Over the past years, UM research and the modelling of metabolic urban systems has steadily evolved (Athanassiadis et al., 2015; Beloin-Saint-Pierre et al., 2017; Li and Kwan, 2018; Zhang, 2013). Material Flow Analysis (MFA) is among the most widely spread approaches to material-based assessments of the dynamic behaviour of stocks, their inflows and outflows. Depending on a study’s purpose, MFA can be performed on various scales: substances, materials and even whole products (Brunner and Rechberger, 2003), such as, in the case of this paper, buildings. The purposes range from solely descriptive research of stocks and flows to assessments of their ecological footprint (Beloin-Saint-Pierre et al., 2017; Li and Kwan, 2018). Some studies tackle waste and resource management (Lanau et al., 2019) while others forecast future recycling streams (Augiseau and Barles, 2017). Buildings’ UM studies, too, commonly quantify certain bulk materials (Guo and Huang, 2019; Lanau et al., 2019) and their recycling potentials. According to the circular economy (CE) hierarchy, however, recycling of materials is among the least favourable sustainability strategies (e.g. Ellen MacArthur Foundation, 2015) as it can require high energy and virgin material inputs despite utilising secondary raw material. Addressing higher hierarchy levels, such as waste avoidance through continued use and reuse of buildings, would require focussing on the product level, which is presently rarely done (Huuhka and Kolkwitz, 2021).

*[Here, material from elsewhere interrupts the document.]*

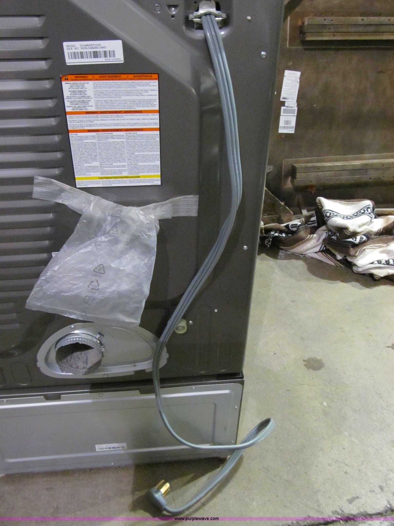 Purple Wave is selling a used Appliances in Kansas. This item is a Samsung stainless steel front load dryer with pedestal with the following: Power cord, Manual, Steam, Model DV448AEPXAA, Serial W03L54BZ601264D

The current paper is built on the premise that decisions made in urban planning essentially give rise to the stocks and flows pertaining to buildings by providing limits to permissible construction activities. Coupling MFA with Geographical Information Systems (GIS) (Augiseau and Barles, 2017; Guo and Huang, 2019; Lanau et al., 2019; Li and Kwan, 2018) and 4D-GIS, where time is the fourth dimension (Chen et al., 2016), has allowed studying longitudinal and geographical aspects of demolition, construction, buildings and material stocks. However, limitations in data availability have resulted in residential buildings (RBs) being researched much more thoroughly than non-residential buildings (NRBs) despite them being a significant part of a building stock (Lanau et al., 2019) and particularly pronounced in demolitions (Huuhka and Lahdensivu, 2016). What is more, there is a critical knowledge gap for drivers, dynamics, patterns and linkages that affect the UM (Athanassiadis et al., 2015; Göswein et al., 2019; Lanau et al., 2019; Li and Kwan, 2018). This is manifested in the limited amount of research that cover these themes (Beloin-Saint-Pierre et al., 2017) and the focus on primarily descriptive studies (Li and Kwan, 2018).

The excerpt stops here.